* **Required work**:
Only the pictures are dropped. Restate each line below word for word.

* **Records from a collection**:
========
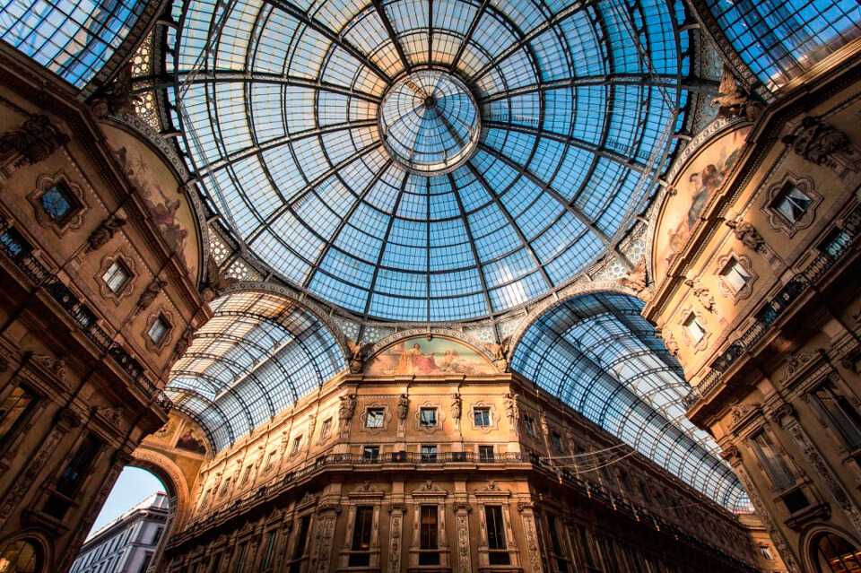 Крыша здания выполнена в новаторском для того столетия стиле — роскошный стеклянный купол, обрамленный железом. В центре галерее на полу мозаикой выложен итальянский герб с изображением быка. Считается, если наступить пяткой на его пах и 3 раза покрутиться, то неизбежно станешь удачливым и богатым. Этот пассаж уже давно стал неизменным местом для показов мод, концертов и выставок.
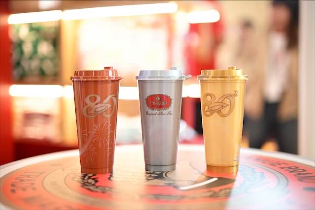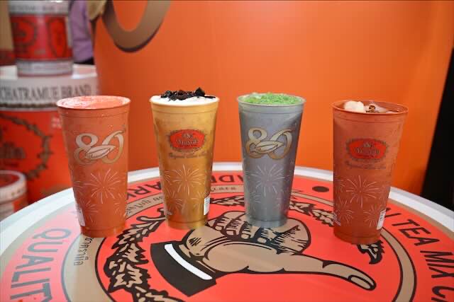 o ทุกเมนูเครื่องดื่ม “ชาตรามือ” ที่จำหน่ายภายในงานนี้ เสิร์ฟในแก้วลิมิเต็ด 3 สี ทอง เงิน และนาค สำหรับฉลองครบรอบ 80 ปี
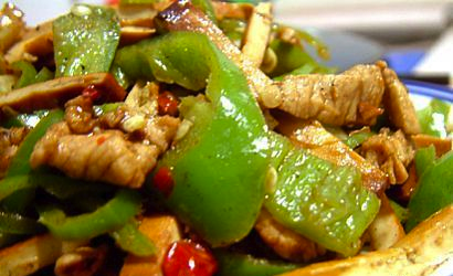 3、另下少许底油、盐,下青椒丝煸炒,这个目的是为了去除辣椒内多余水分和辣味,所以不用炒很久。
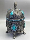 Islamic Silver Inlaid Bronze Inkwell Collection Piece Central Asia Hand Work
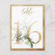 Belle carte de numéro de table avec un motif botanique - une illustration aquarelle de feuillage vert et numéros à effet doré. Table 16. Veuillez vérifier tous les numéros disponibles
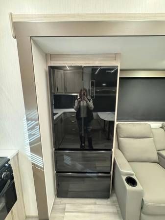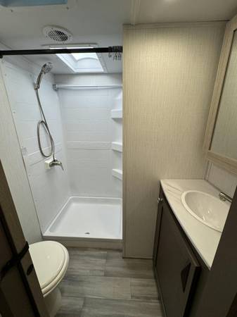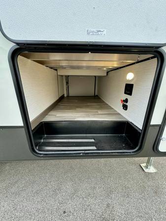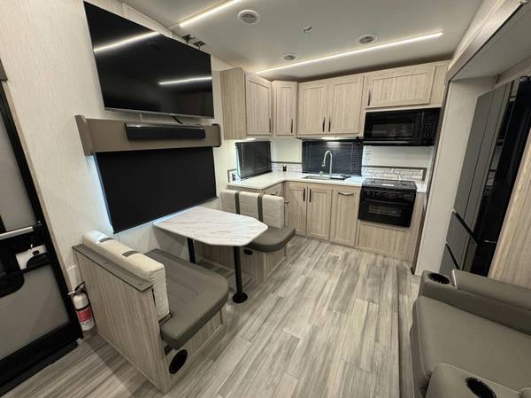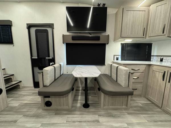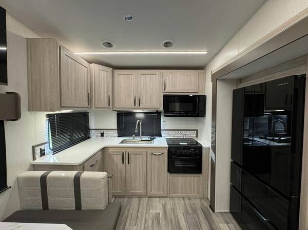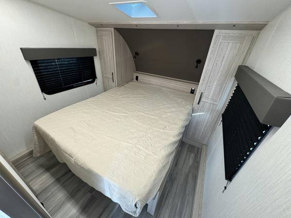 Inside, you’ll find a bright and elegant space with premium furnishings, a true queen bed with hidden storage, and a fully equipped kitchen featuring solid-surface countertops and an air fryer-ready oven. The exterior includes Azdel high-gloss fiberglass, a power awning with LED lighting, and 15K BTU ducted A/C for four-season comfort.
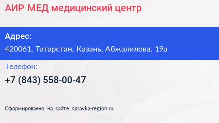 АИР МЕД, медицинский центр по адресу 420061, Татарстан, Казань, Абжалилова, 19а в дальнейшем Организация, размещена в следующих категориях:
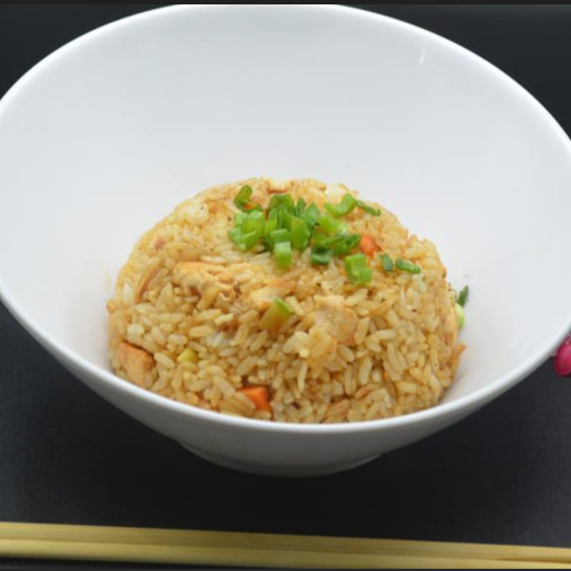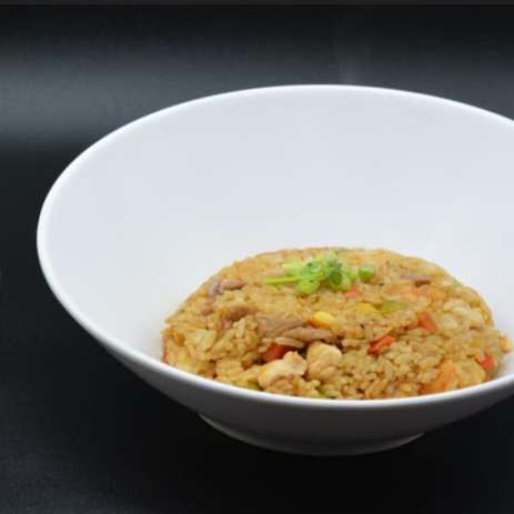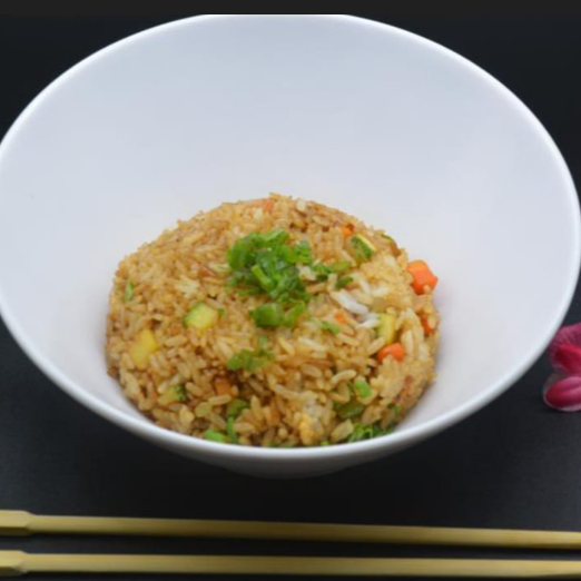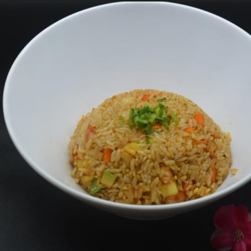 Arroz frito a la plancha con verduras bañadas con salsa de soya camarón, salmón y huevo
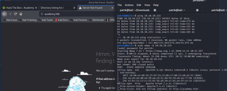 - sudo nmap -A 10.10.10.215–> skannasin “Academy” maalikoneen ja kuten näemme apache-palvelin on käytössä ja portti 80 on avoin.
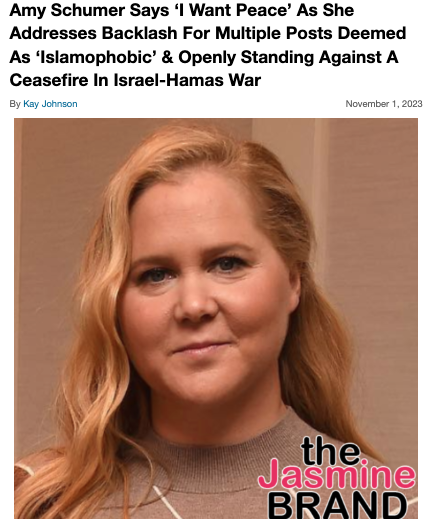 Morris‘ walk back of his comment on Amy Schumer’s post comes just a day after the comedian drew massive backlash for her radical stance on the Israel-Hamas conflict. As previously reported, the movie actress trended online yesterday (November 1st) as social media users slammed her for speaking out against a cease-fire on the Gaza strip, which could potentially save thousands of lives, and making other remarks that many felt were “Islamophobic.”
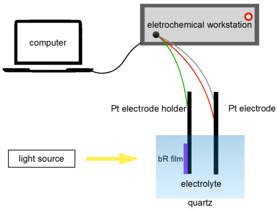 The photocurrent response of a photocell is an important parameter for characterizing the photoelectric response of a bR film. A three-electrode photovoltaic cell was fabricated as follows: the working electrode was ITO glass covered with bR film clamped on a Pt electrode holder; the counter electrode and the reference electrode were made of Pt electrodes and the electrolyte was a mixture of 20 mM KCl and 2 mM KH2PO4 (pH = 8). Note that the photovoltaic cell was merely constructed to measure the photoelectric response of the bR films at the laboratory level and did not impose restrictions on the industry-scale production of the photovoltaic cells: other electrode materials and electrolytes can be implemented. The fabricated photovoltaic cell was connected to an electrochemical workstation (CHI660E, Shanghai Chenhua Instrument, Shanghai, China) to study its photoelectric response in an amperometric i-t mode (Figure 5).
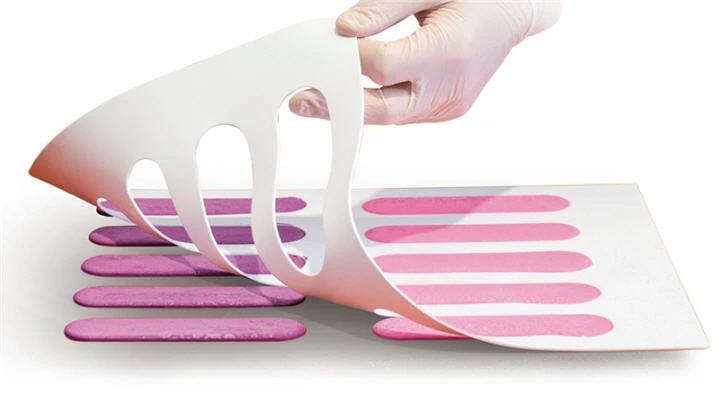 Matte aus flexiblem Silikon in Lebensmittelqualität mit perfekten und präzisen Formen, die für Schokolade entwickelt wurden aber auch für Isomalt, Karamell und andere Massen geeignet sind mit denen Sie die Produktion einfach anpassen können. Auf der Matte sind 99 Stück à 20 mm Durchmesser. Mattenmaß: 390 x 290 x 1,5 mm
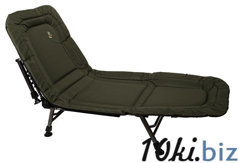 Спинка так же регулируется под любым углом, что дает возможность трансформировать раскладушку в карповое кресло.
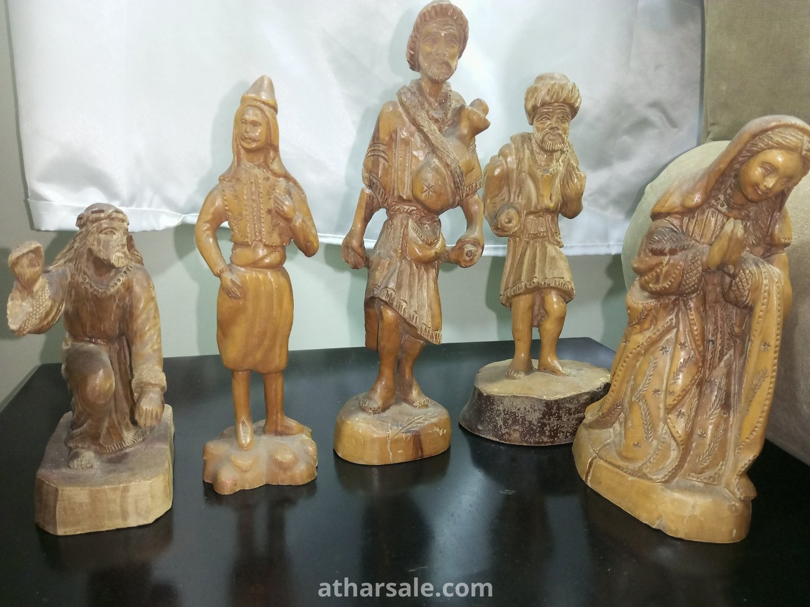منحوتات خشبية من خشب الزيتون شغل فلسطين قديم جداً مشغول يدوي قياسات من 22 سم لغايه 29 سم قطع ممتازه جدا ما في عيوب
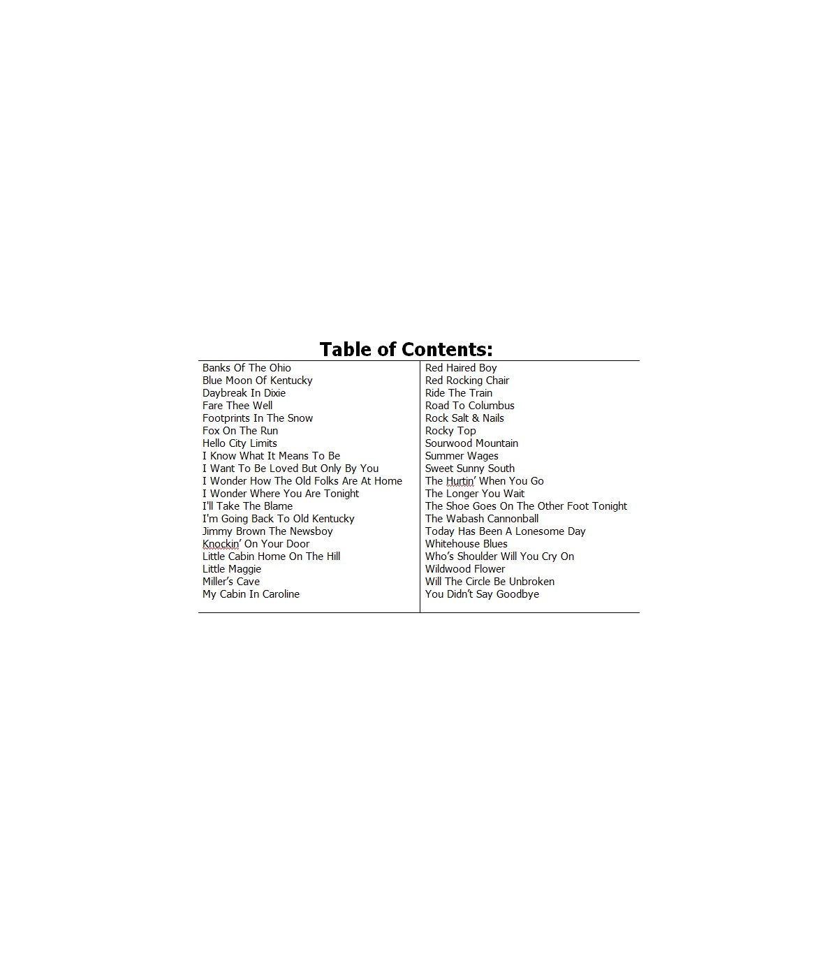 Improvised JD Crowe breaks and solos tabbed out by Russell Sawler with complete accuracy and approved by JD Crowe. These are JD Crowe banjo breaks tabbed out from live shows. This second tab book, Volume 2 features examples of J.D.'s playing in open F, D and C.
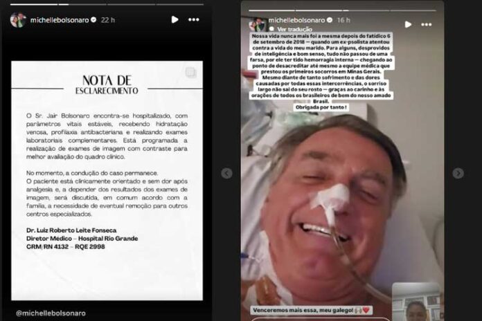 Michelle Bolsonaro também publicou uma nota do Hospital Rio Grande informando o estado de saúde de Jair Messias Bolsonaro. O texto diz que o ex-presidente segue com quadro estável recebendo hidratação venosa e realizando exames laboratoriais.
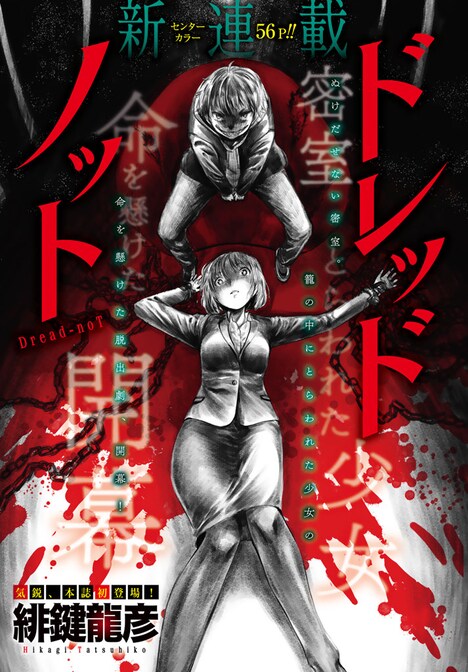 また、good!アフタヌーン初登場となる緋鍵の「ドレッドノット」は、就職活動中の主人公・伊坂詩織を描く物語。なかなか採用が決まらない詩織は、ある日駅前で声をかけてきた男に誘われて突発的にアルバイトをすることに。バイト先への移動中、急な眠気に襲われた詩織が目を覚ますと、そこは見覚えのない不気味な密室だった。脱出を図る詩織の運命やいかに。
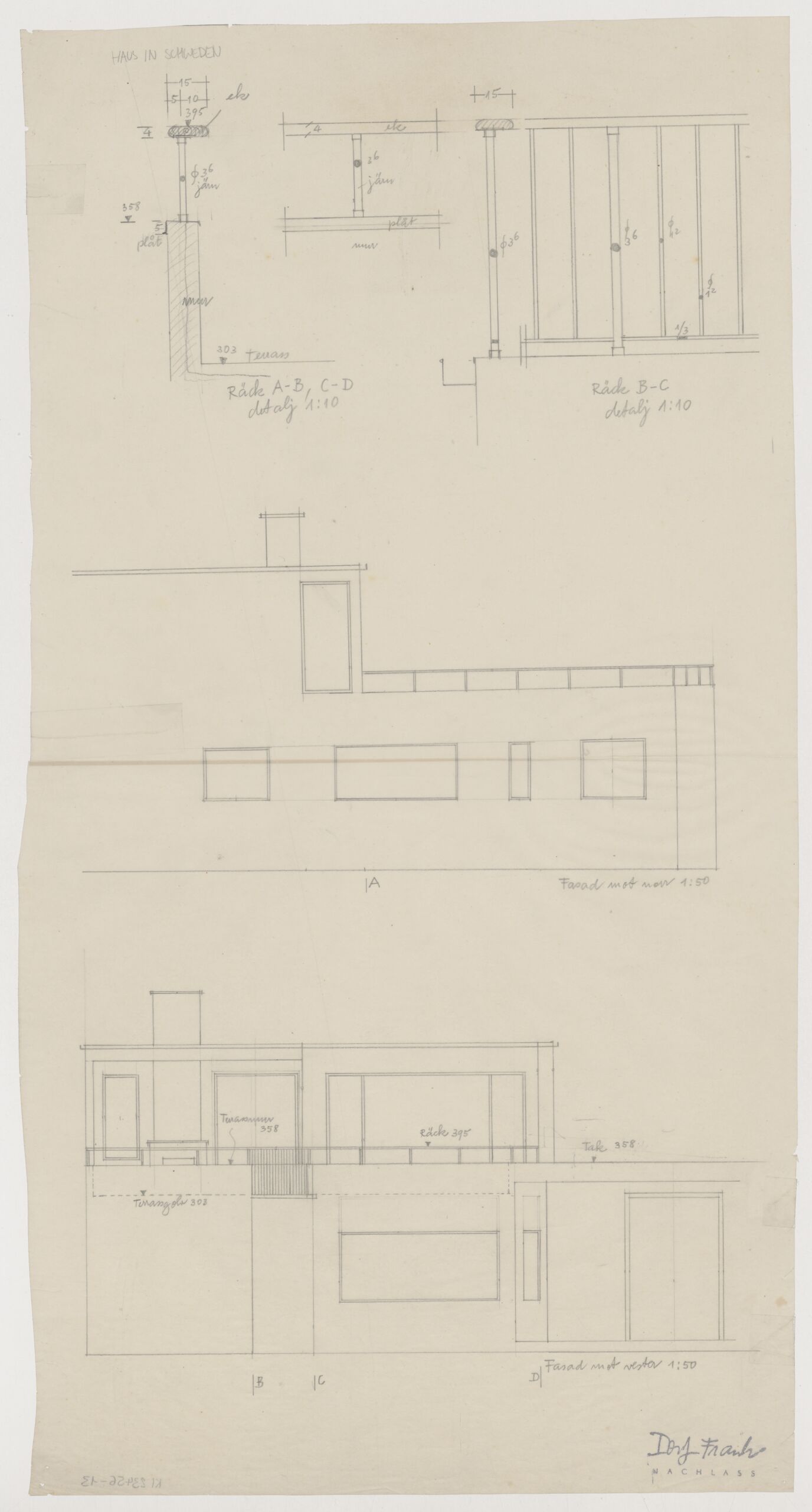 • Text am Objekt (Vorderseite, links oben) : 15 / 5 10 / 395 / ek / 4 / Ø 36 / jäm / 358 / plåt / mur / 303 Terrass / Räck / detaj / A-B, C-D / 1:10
========
* **Expected answer**:
 Крыша здания выполнена в новаторском для того столетия стиле — роскошный стеклянный купол, обрамленный железом. В центре галерее на полу мозаикой выложен итальянский герб с изображением быка. Считается, если наступить пяткой на его пах и 3 раза покрутиться, то неизбежно станешь удачливым и богатым. Этот пассаж уже давно стал неизменным местом для показов мод, концертов и выставок.
 o ทุกเมนูเครื่องดื่ม “ชาตรามือ” ที่จำหน่ายภายในงานนี้ เสิร์ฟในแก้วลิมิเต็ด 3 สี ทอง เงิน และนาค สำหรับฉลองครบรอบ 80 ปี
 3、另下少许底油、盐,下青椒丝煸炒,这个目的是为了去除辣椒内多余水分和辣味,所以不用炒很久。
 Islamic Silver Inlaid Bronze Inkwell Collection Piece Central Asia Hand Work
 Belle carte de numéro de table avec un motif botanique - une illustration aquarelle de feuillage vert et numéros à effet doré. Table 16. Veuillez vérifier tous les numéros disponibles
 Inside, you’ll find a bright and elegant space with premium furnishings, a true queen bed with hidden storage, and a fully equipped kitchen featuring solid-surface countertops and an air fryer-ready oven. The exterior includes Azdel high-gloss fiberglass, a power awning with LED lighting, and 15K BTU ducted A/C for four-season comfort.
 АИР МЕД, медицинский центр по адресу 420061, Татарстан, Казань, Абжалилова, 19а в дальнейшем Организация, размещена в следующих категориях:
 Arroz frito a la plancha con verduras bañadas con salsa de soya camarón, salmón y huevo
 - sudo nmap -A 10.10.10.215–> skannasin “Academy” maalikoneen ja kuten näemme apache-palvelin on käytössä ja portti 80 on avoin.
 Morris‘ walk back of his comment on Amy Schumer’s post comes just a day after the comedian drew massive backlash for her radical stance on the Israel-Hamas conflict. As previously reported, the movie actress trended online yesterday (November 1st) as social media users slammed her for speaking out against a cease-fire on the Gaza strip, which could potentially save thousands of lives, and making other remarks that many felt were “Islamophobic.”
 The photocurrent response of a photocell is an important parameter for characterizing the photoelectric response of a bR film. A three-electrode photovoltaic cell was fabricated as follows: the working electrode was ITO glass covered with bR film clamped on a Pt electrode holder; the counter electrode and the reference electrode were made of Pt electrodes and the electrolyte was a mixture of 20 mM KCl and 2 mM KH2PO4 (pH = 8). Note that the photovoltaic cell was merely constructed to measure the photoelectric response of the bR films at the laboratory level and did not impose restrictions on the industry-scale production of the photovoltaic cells: other electrode materials and electrolytes can be implemented. The fabricated photovoltaic cell was connected to an electrochemical workstation (CHI660E, Shanghai Chenhua Instrument, Shanghai, China) to study its photoelectric response in an amperometric i-t mode (Figure 5).
 Matte aus flexiblem Silikon in Lebensmittelqualität mit perfekten und präzisen Formen, die für Schokolade entwickelt wurden aber auch für Isomalt, Karamell und andere Massen geeignet sind mit denen Sie die Produktion einfach anpassen können. Auf der Matte sind 99 Stück à 20 mm Durchmesser. Mattenmaß: 390 x 290 x 1,5 mm
 Спинка так же регулируется под любым углом, что дает возможность трансформировать раскладушку в карповое кресло.
منحوتات خشبية من خشب الزيتون شغل فلسطين قديم جداً مشغول يدوي قياسات من 22 سم لغايه 29 سم قطع ممتازه جدا ما في عيوب
 Improvised JD Crowe breaks and solos tabbed out by Russell Sawler with complete accuracy and approved by JD Crowe. These are JD Crowe banjo breaks tabbed out from live shows. This second tab book, Volume 2 features examples of J.D.'s playing in open F, D and C.
 Michelle Bolsonaro também publicou uma nota do Hospital Rio Grande informando o estado de saúde de Jair Messias Bolsonaro. O texto diz que o ex-presidente segue com quadro estável recebendo hidratação venosa e realizando exames laboratoriais.
 また、good!アフタヌーン初登場となる緋鍵の「ドレッドノット」は、就職活動中の主人公・伊坂詩織を描く物語。なかなか採用が決まらない詩織は、ある日駅前で声をかけてきた男に誘われて突発的にアルバイトをすることに。バイト先への移動中、急な眠気に襲われた詩織が目を覚ますと、そこは見覚えのない不気味な密室だった。脱出を図る詩織の運命やいかに。
 • Text am Objekt (Vorderseite, links oben) : 15 / 5 10 / 395 / ek / 4 / Ø 36 / jäm / 358 / plåt / mur / 303 Terrass / Räck / detaj / A-B, C-D / 1:10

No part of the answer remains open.